The experiment was conducted in a controlled environment with temperature and relative humidity of 27°C and 70%, respectively, at Instituto Federal Goiano, Rio Verde Campus, located in the southwestern of the state of Goiás, situated at 17° 47’ 53’’ North latitude and 51° 55’ 53’’ South latitude with 743 m of altitude.
Adapted Leonard jars were used (Vincent, 1970) for experiment conduction, however in order to maintain sterile conditions, "pet" bottles were cut with scissors, 14 to 15 cm height from base. Subsequently, an aseptic process immersed in sodium hypochlorite (5%) for 1 h was performed. After this period, material was rinsed in running water with distilled water and autoclaved.
To each bottle, 1.5 kg of substrate with washed sand and vermiculite in a proportion of 1:1 was used. It were placed in polyethylene plastic bags and washed for sterilization in autoclave for 1 h at 121°C, for two consecutive days. Autoclaved mixture was placed on top of bottle, and nutritive solution of Sarruge (1975) was inserted at the bottom, according to Table 1. And afterwards, pots were covered with plastic bags paper of "kraft" type in order to prevent algae development
Maize seeds were surface disinfected for 2 min with ethyl alcohol at 70% and sodium hypochlorite at 2% for 3 min (Hungria et al., 1994), then washed for 10 times in distilled water and autoclaved. Two seeds per pot were planted and after seven days of germination, manual thinning of excess plants was performed, leaving only one plant per pot.
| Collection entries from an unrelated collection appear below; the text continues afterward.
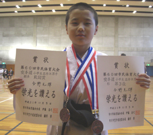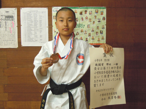 小学生高学年男子形の部第3位、組手の部敢闘賞の今野元輝選手!!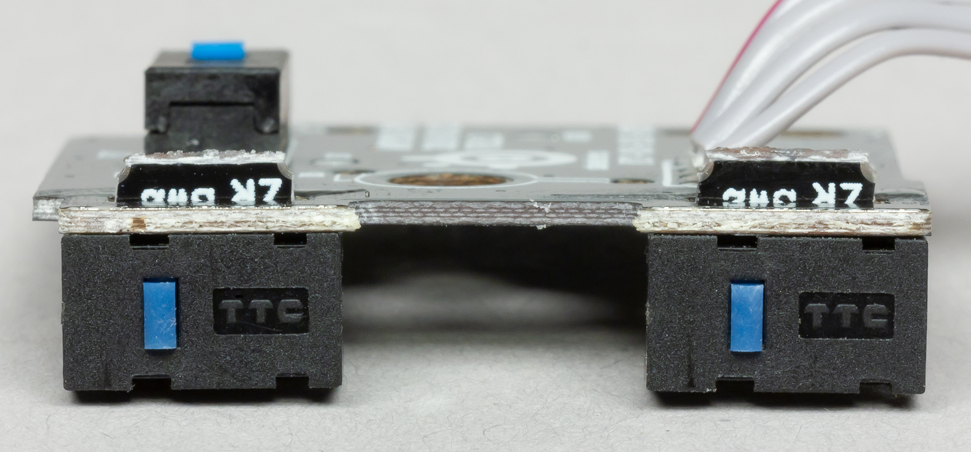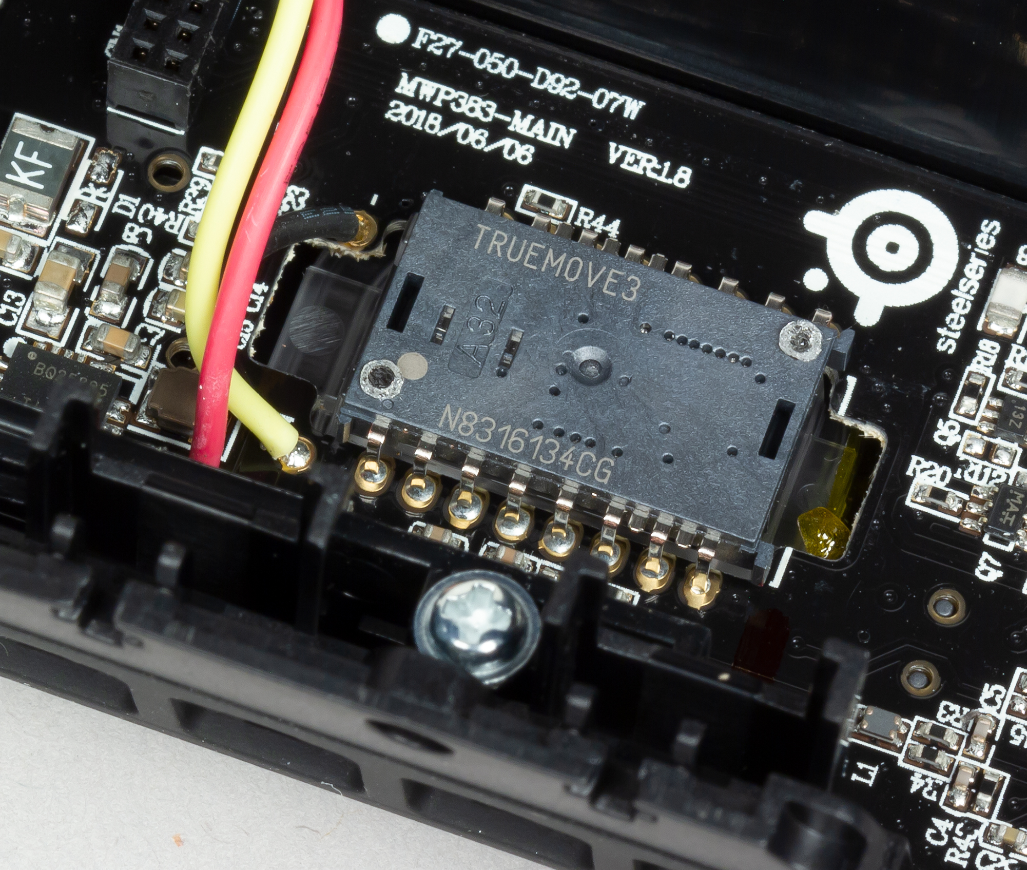 В качестве основных кликеров в мыши установлены фирменные свитчи SteelSeries с заявленным ресурсом в 60 миллионов кликов, на боковых кнопках стоят свитчи TTC.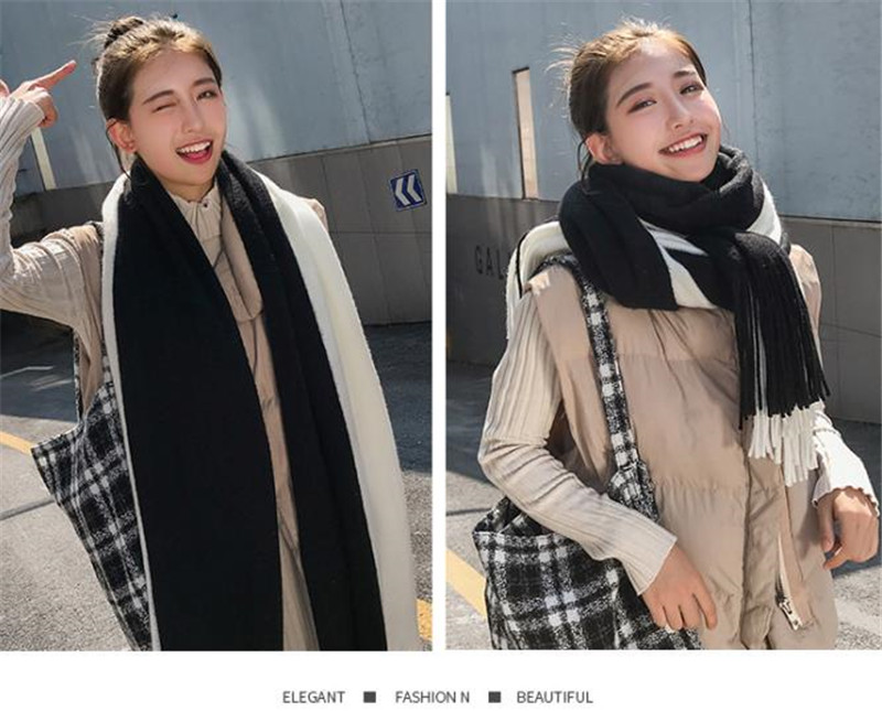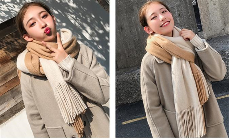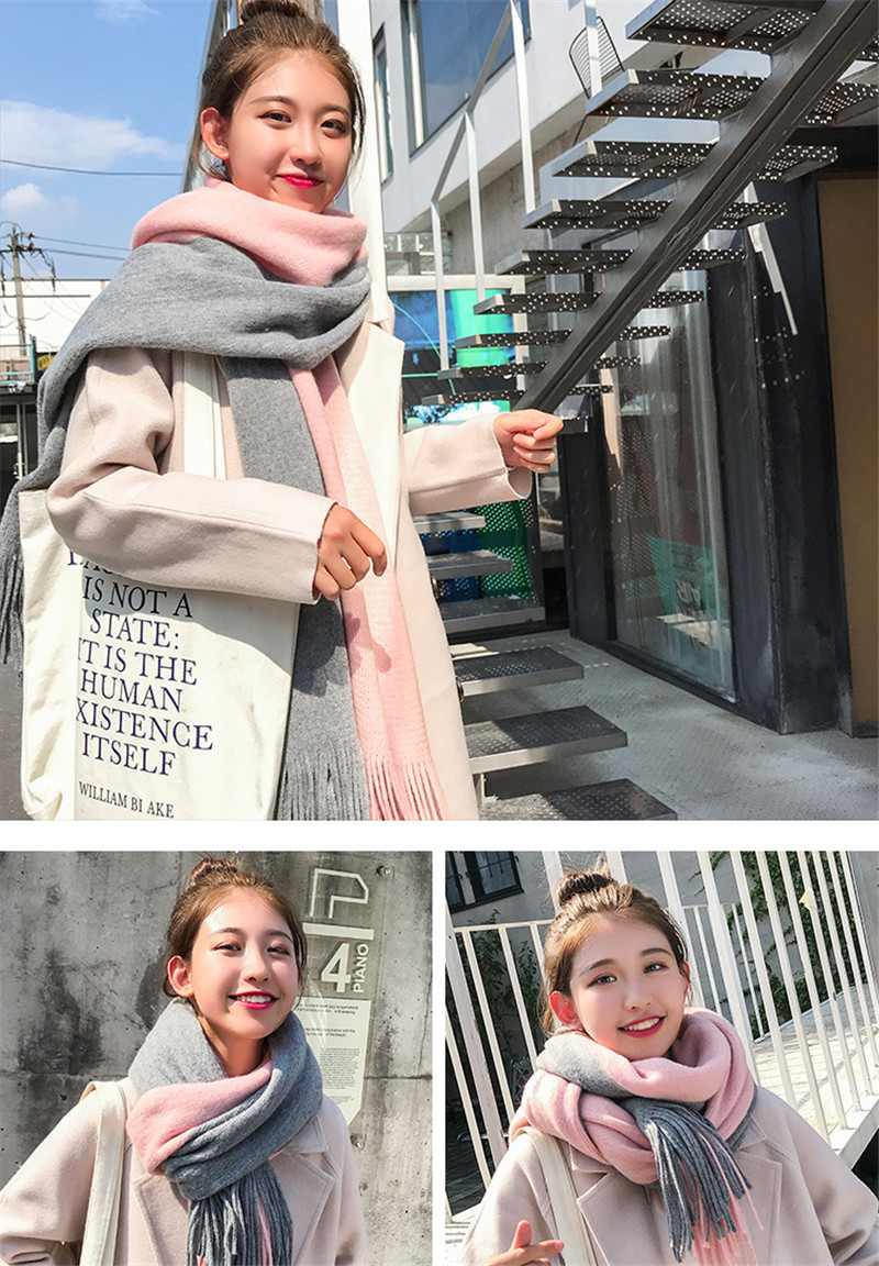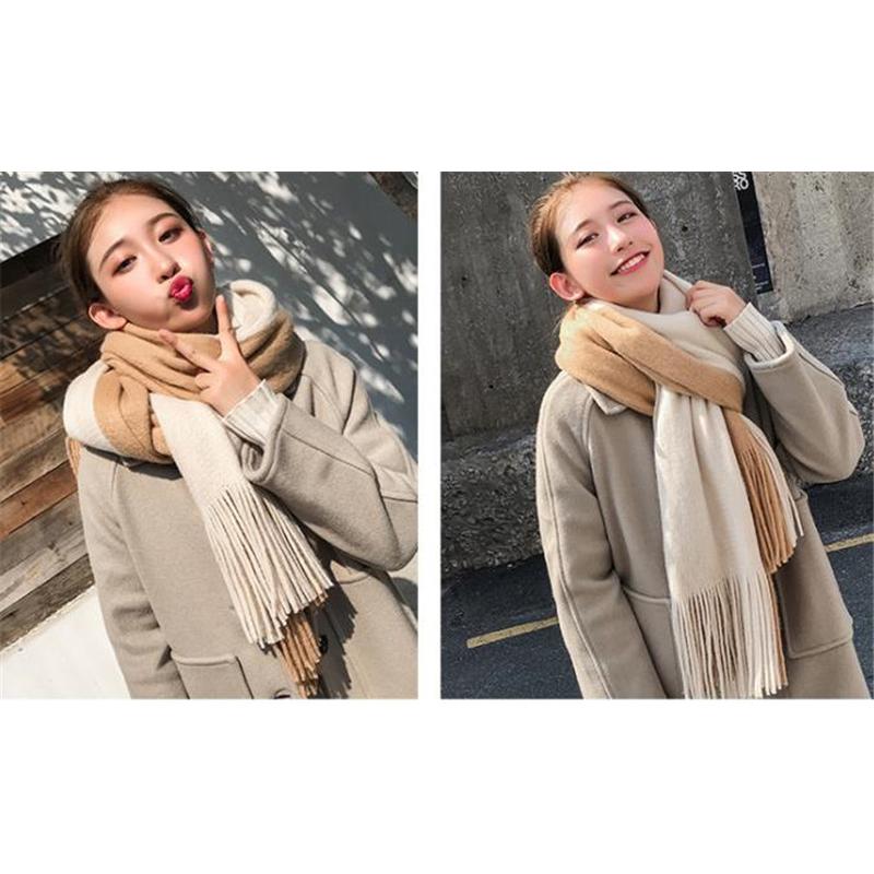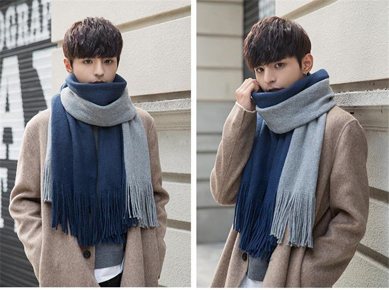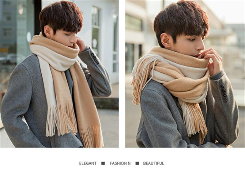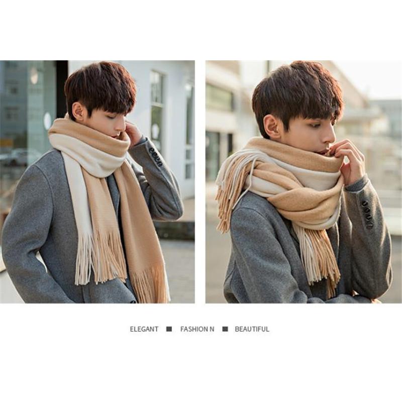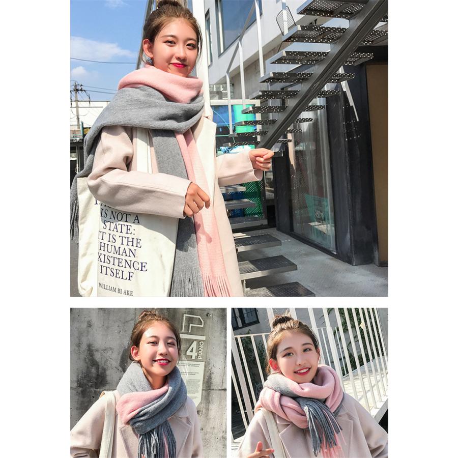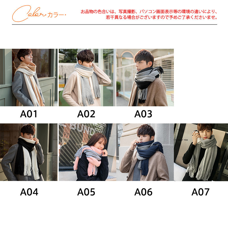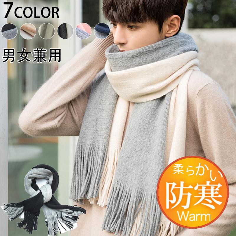 半額セール メンズマフラー ロング 大判 スカーフ バイカラー フリンジ 保温 男女兼用 カジュアル おしゃれ ペア 秋冬 厚手 通勤通学 紳士

The experiment was conducted in a completely randomized design in a 4 × 2 × 2 factorial arrangement with four replications, totaling 160 treatments: four maize hybrids (simple hybrid– H1; modified simple hybrid– H2; double hybrid– H3; triple hybrid– H4); with presence and absence of N (NP and NA); and presence and absence of inoculation (IP and IA).
Maize hybrids were chosen according to materials for planting in the region, which are widespread among crop producers in the Southwestern of the State of Goiás, (H1–NS 90; H2–AS 1581; H3–DKB 310 and H4–ATL 310), N supply was in accordance with nutrient solution (Table 1) and inoculation with Azototal® Azospirillum brasilense based commercial product (AbV5 and AbV6 strains) and was performed at sowing time with 100 mL of liquid inoculate for each 25 kg of seed with 2.0 × 108 CFU ml-1 guaranteed, applied and directly homogenized in seeds, according to the Manufacturer’s specifications.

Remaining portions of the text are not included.